“My goal in life is to become free”

He is a specialized communication consultant, public speaker, a well-known blogger and a startup entrepreneur. For Johan Ronnestam, this variety of projects is what brings him pleasure, and what eventually enables him to become free. Let’s hear more on his philosophy and ways of achieving his goals.

Hi Johan. Is it ok to say that you have a split work personality?
Haha well if you want to. It’s true that I have a big problem telling people what it is that I do, since I’m dealing with a variety of very different projects simultaneously. That was one of the reasons why I started my blog… so I could simply tell people to go there and read about me, instead of explaining everything.
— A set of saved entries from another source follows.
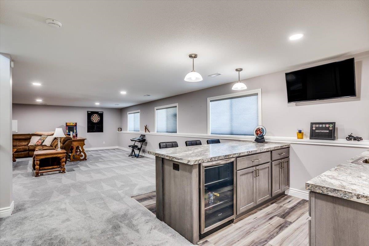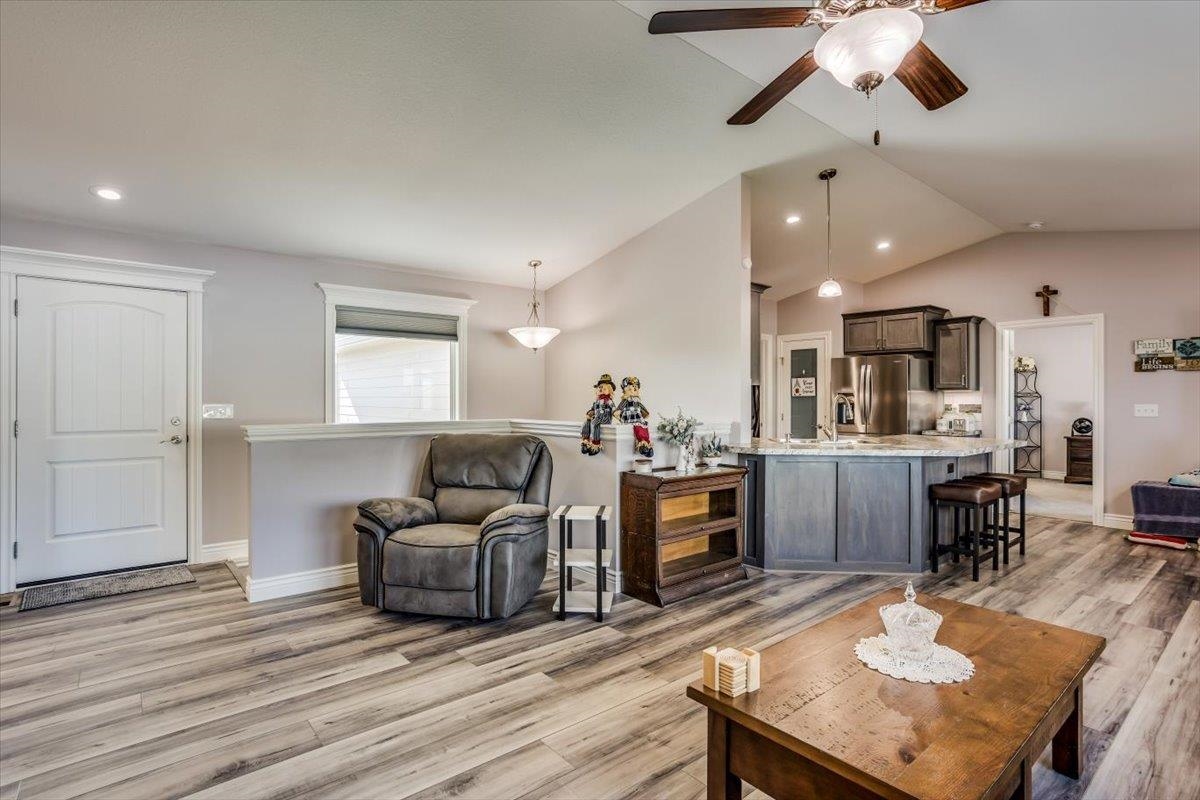 - Description: Welcome to this move-in-ready home that was built in 2020, boasting custom details, numerous upgrades, and a thoughtful layout. With 4 bedrooms—3 on the upper level and 1 in the basement—this home offers ample space for family and guests. The large master suite provides a private retreat, and the additional upstairs bedrooms, including one with a charming window seat, make for versatile living spaces. The kitchen is a chef’s dream, featuring a gas stove and vent goes to outside, a peninsula island with generous storage, a refrigerator that stays with the home, and a larger walk in pantry. The main level includes a separate laundry room, complete with washer and dryer that stay with the home, and a practical drop zone off the garage for easy organization. Downstairs, you’ll find a spacious family/rec room with an impressive wet bar, mini bar fridge that stays, and lots of room to spread out and entertain if you wish. You’ll love the large storage room too! Enjoy the peace of mind provided by the included security system and cameras that stay with the home. Outdoor living is enhanced with a screened-in deck and a fully fenced yard, perfect for relaxation. The oversized, fully insulated 3-car garage comes equipped with a mini split system for heating and cooling, plus included cabinets and a workbench, making it a versatile workspace. The home also features an upgraded, high-efficiency HVAC system (96% efficiency, 16 SEER, 2-stage variable) and is generator ready. There is a water softener that stays as well. Roof is class 4 for additional savings. A shed with shelves and a workbench in the backyard offers extra storage and functionality. Notice all the additional concrete around the house which you will appreciate! Located in the desirable Goddard School District, this home has been meticulously cared for and offers quality, comfort, and move in ready convenience at every turn! Buyer responsible to verify schools and any other information deemed important to buyer. Information deemed reliable but not guaranteed and may change without notice.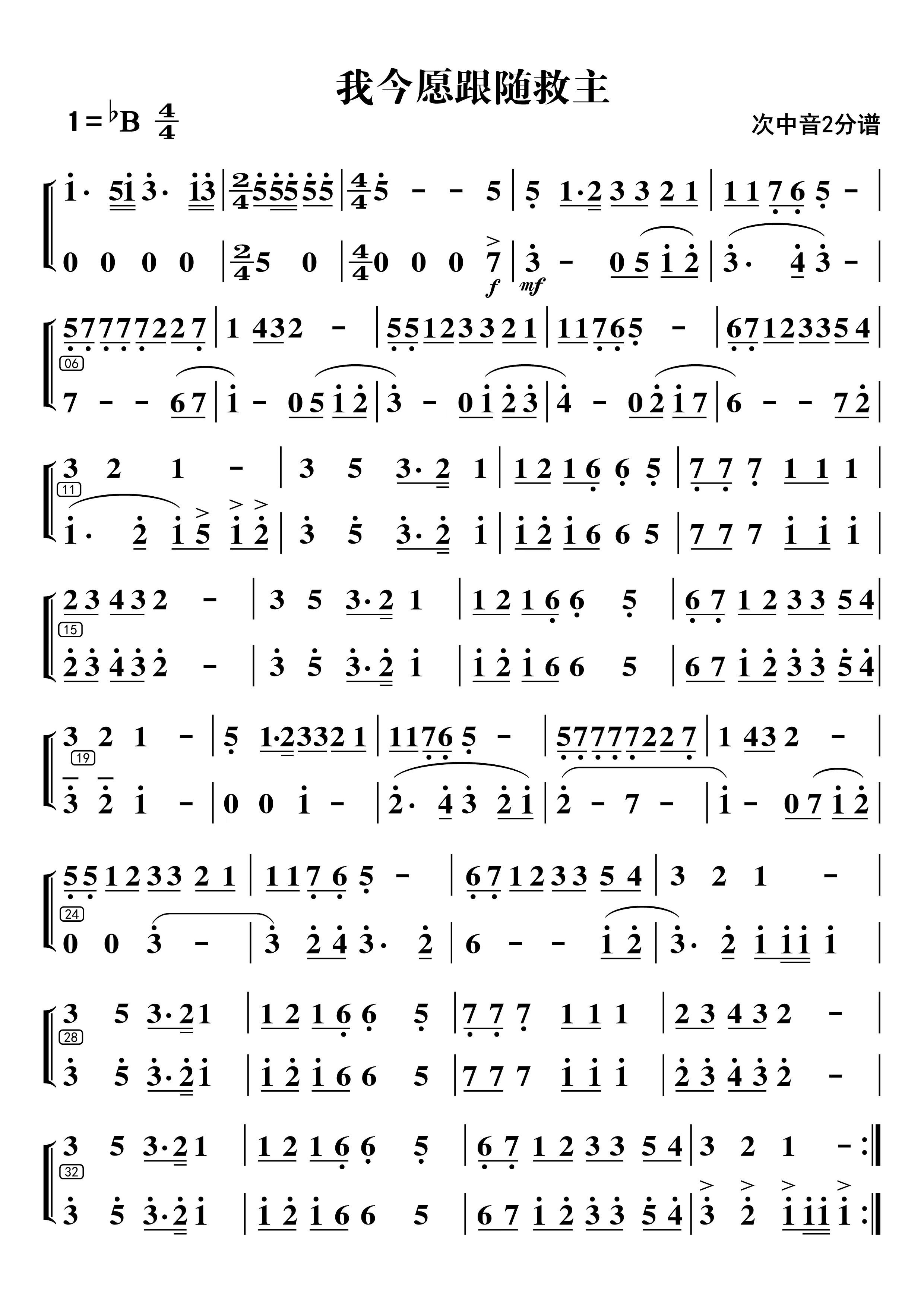 主如一颗明亮的晨星[二声谱]【管乐总谱(适合小型乐队)】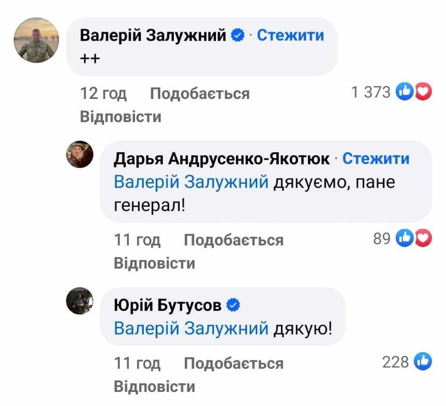Багато хто закликав відреагувати на трагічну історію навіть головкома ЗСУ Залужного. Валерій Федорович під дописом Бутусова у фейсбуці залишив коментар.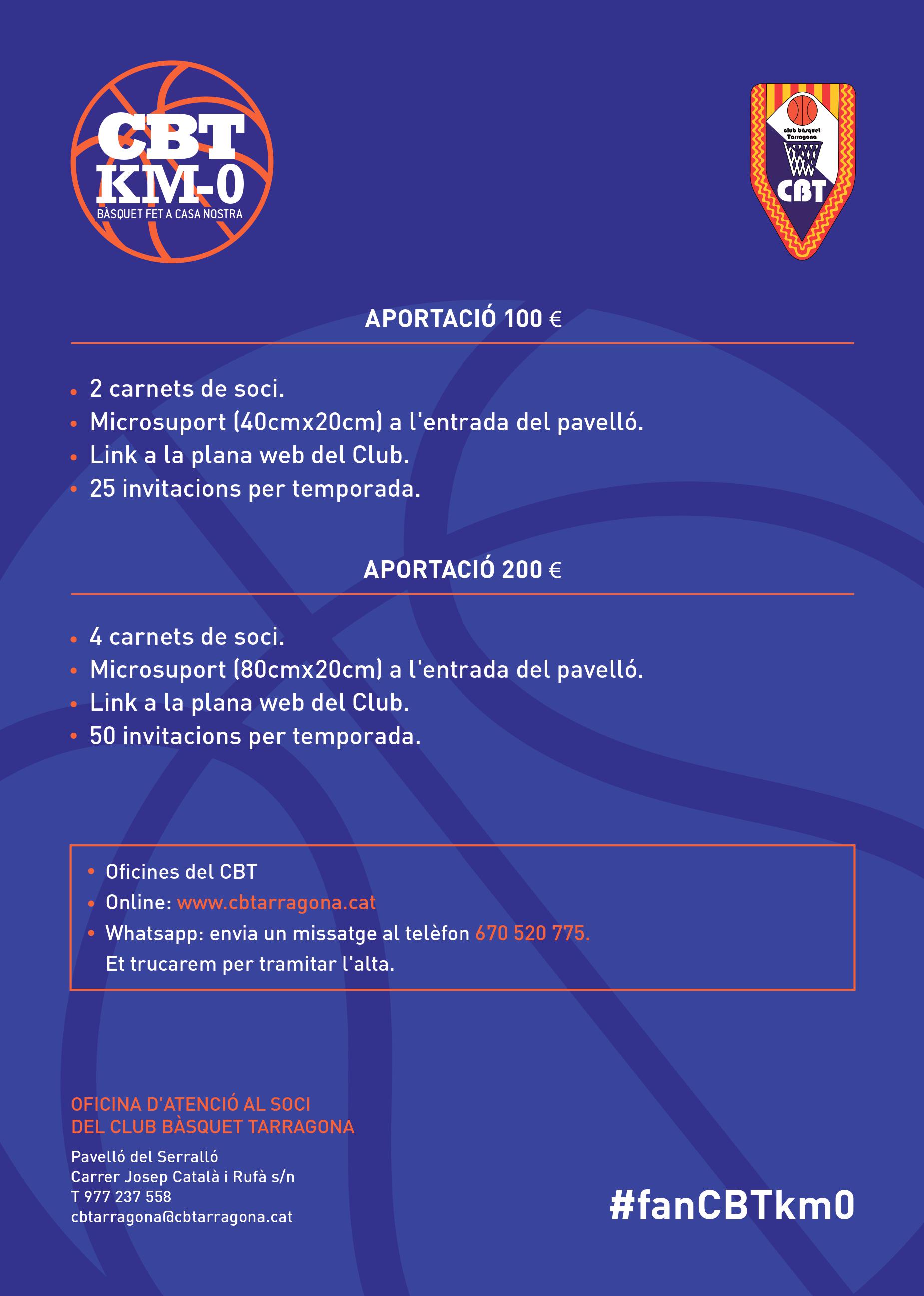 Una vegada confirmada la presència del Club Bàsquet Tarragona en LEB Plata la temporada que ve, arriba l’hora de buscar nous patrocinadors que permetin al club trobar l’estabilitat econòmica. En aquesta línia, la directiva del CBT porta temps treballant en un projecte que avui veu la llum, una campanya de micropatrocinadors. La idea és que qualsevol petit negoci de la ciutat col·labori amb el club amb una quantitat de 100 o 200 euros. Per la seva banda, a cada negoci que aboni 100 euros, el club li donarà 2 carnets de socis, 25 entrades per repartir durant tota la temporada i un petit cartell publicitari de 40cm x 20cm en l’entrada del pavelló, si es prefereix col·laborar amb 200 euros es donen 4 carnets de socis, 50 entrades per repartir i el cartell tindrà una dimensions de 80cm x 20cm. A més, en tots dos casos s’afegeix un enllaç del patrocinador a la pàgina web del club.

So let’s say we don’t want to read your blog right now. How would you introduce yourself?
Well, ok. I have been working with the Internet in one or another way since 1993, and I had the privilege to be able to do projects for some of the world’s biggest brands, both regarding advertising and communication but also in the field of business development and online/offline strategies. I tend to say that I do three things: I consult for different businesses, I do public speaking gigs and I am an entrepreneur, being involved in a couple of startups, one of them JAJDO, which develops iPad apps for kids.

How do clients who want you for consulting find you?
Primarily through word of mouth. After they have heard about me through somebody else, they usually go on the web and google me, and then they find my blog and can get to know me a bit better before getting in touch with me.

Considering your different activities one has to wonder if you simply stumbled into this situation working simultaneously in very different fields or if that was a deliberate decision of yours?
It was totally deliberate. When I started to blog some people told me that I need more focus. But I replied to them that I don’t do this to make business, I just try to shape my life so I have fun. And I have fun doing lots of things.

You don’t find it hard to prioritize all the time? Like when a client wants your help but you are preparing an important speech or working with your startup?
When I take assignments I am very clear with communicating that the client needs to follow my agenda.

That sounds as if you managed to build up quite a reputation. What’s your secret?
I would say it’s a mix of things. I got the chance to work with Nike Football in Europe in the 90s as well as with some other big global brands, which helped me to get noticed and increase my network. Also, my blog which I launched in 2007 has helped me to show people what I am good at. For example, I am a passionate designer, but telling somebody might not be convincing enough. Instead, I can show my creations. Also, my speaking gigs have helped me to spread the word. And when blogging, I try to publish my own thoughts, ideas and theories, not only linking to others. That’s important I think because it enables you to become and authority in your area of expertise.

What’s your thoughts on the state of social media?
Everything is maturing. And it hasn’t really happened so much during the past two years, at least nothing that really “WOWs” me. ; )

You are hoping for bigger changes?
It would make things a bit more exciting again. It was different in 2007 when all those new sites and services became big, like Facebook and Twitter. Now there are still new services, but often they do the same thing as the past ones. I also notice an increasing fragmentation. Everybody is using different services. You could say that social media is going through the same process as traditional media did – one newspaper was replaced by 1000 digital services, now 1000 big digital services are replaced by 10.000 small services. A couple of big things become many small things. The problem with fragmentation is that even the potential audience is fragmented. User driven content relies on people feeling that someone else is listening or reading. If people lack this feeling they stop publishing. Two years ago you had 50 great blogs in Sweden that were updated daily. Now that number has shrunk to 5. That means less linking and less engagement for everyone blogging in Sweden. But lets see how everything will change again with the next radical evolution that is already in sight: mobile.

…which is where you are heading with your own startup JAJDO.
Exactly. We are three guys running JAJDO, developing iPad apps for children. My co-founder Andreas and I kickstarted tons of smaller initiatives in the past and one day we decided to dedicate our time to a “real” startup. The big companies had overlooked this part of the gaming market which made it easier to build apps with only a very small team. We called our friend Jonas and went ahead. Today we invest about 3 days a week into JAJDO. It’s one brand and one engine in the background but we want to publish different apps. Of course we made a lot of beginner’s mistakes. One app we are going to launch is delayed 20 weeks. But we are not really under pressure since we are bootstrapping, thanks to our consulting jobs.

What’s your goal with being an entrepreneur?
If you are running a digital company with money from your own pocket, you are free to do what you want. You can go and surf while the company is running without you for a while. My goal in life is to become free (I blogged about that once). Another aspect is that by developing apps for children you can have a good conscious about what you’re doing, even if it would make you rich. We have more than 100.000 app downloads. I know that there are 70.000 or 80.000 children that got happy while playing with JAJDO. That’s a great feeling and something to be proud of. I hope we come to the point that we will be able to live off the app completely.

How much are your own kids involved in testing?
A lot. Often when we get close to launching the app they are already bored by it because they have been using it for such a long time, so I need to find new kids then to test it.